Additionally, sequences retrieved by MARBL can be post-processed by FASTA (Pearson, 2000), Smith-Waterman (Smith, 1981) and elements of EMBOSS (the European Molecular Biology Open Software Suite).  While FASTA and, especially, Smith-Waterman, are more sensitive (Shpaer et al. 1996) than BLAST, they are also more time consuming.  However, by first extracting from the larger database a subset of candidate accessions, the number of sequences to be aligned by these algorithms can be reduced significantly with corresponding reduction in the overall processing time.

 

Implementation

 

Most genomic databases include, in addition to nucleotide and protein sequences, a wealth of text information in the form of descriptions, keywords, annotations, hyper-links to text articles, journals and so forth.  In many cases, the text attachments to the data are greater in size that the actual sequence data.  Identifying the important keyword terms from this data and assigning a relative weight to these terms is one of the problems addressed in this system.

 

While indexing can be approached from the perspective of assignment to pre-existing categories and hierarchies such as the National Library of Medicine MeSH (Medical Subject Headings) (Hazel, 1997), derivative indexing is better able to adapt to changes in a rapidly evolving discipline as the terms are dynamically extracted directly from the source material rather than waiting for manual analysis.  Existing keyword based genomic retrieval systems are primarily based on assignment indexing whereas the approach taken here is based on derivative indexing, where both queries and documents are encoded into a common intermediate representation and metrics are developed to calculate the coefficients of similarity between queries and documents.  Documents are ranked according to their computed similarity to the query and presented to the user in rank order.  Several systems employing this and related models have been implemented such as Smart (Salton, 1968, 1971, 1983, 1988), Instruct (Wade, 1988), Cansearch (Pollitt, 1987) and Plexus (Vickery, 1987a, 1987b).  More recently, these approaches have been used to index Internet web pages and provide collaborative filtered recommendations regarding similar texts to book buyers at Amazon.com (Linden, 2003).

 

In this system, genomic accessions are represented by vectors that reflect accession content through descriptors derived from the source text by analysis of word usage (Salton,1968, 1971, 1983, 1988;  Willett, 1985; Crouch, 1988).    This approach can be further enhanced by identifying clusters of similar documents (El-Hamdouchi et al.,1988, 1989).  Similarly, term-term co-occurrence matrices can be constructed to identify similar or related terms and these can be automatically included into queries to enhance recall or to identify term clusters.  Other techniques based on terms and queries have also been explored (Salton, 1988; Williams, 1983). 

 

The vector model is rooted in the construction of document vectors consisting of  the weights of each term in each document.  Taken collectively, the document vectors constitute a document-term matrix whose rows are document vectors.
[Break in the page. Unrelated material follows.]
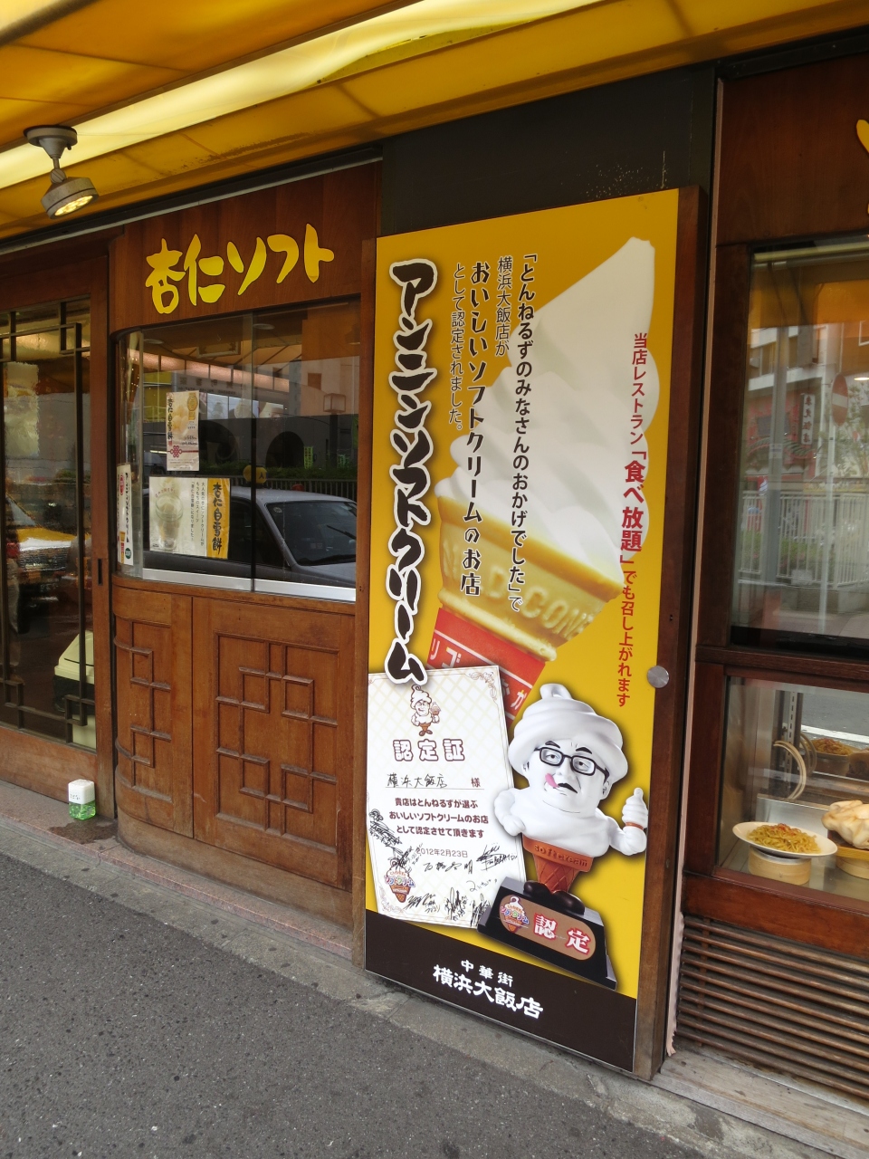 善隣門のすぐ隣、中華街大通り沿いにあるオーダースタイルの食べ放題が大人気の中華料理店です。こちらの食べ放題でも食べられる「極上アンニンソフトクリーム」¥300を、店頭で購入していただきました。濃厚で、しっかり杏仁豆腐の味がする美味しいソフトクリームでした。食後のデザートや、食べ歩きにもオススメの中華街のテイクアウトスイーツです。「とんねるずのみなさんのおかげでした」で「おいしいソフトクリームのお店」として認定もされたようです。

A document-term matrix can have millions of rows, more than 22 million in GenBank case, and thousands of columns (terms), more than 500,000 in GenBank.  This yields a matrix with potentially trillions of possible elements which  must be quickly addressable not by numeric indices but by text keys.  Additionally, to enhance retrieval speed, an inverted matrix of the same size is needed which doubles the overall storage requirements. Fortunately, however, both matrices are very sparse.

 

Given the nature of the problem, namely, manipulating massive, character string indexed sparse matrices, we implemented the system in Mumps (also referred to as  M), a general purpose programming language that supports a builtin multi-dimensional database.  The language originated in the mid 60's at the Massachusetts General Hospital (Bowie and Barnett, 1976; Barnett and Greenes 1970) and it became widely used in clinical as well as commercial settings. Mumps is a simple, easy to learn, string handling language with a built-in, string indexed, multi-dimensional database facility.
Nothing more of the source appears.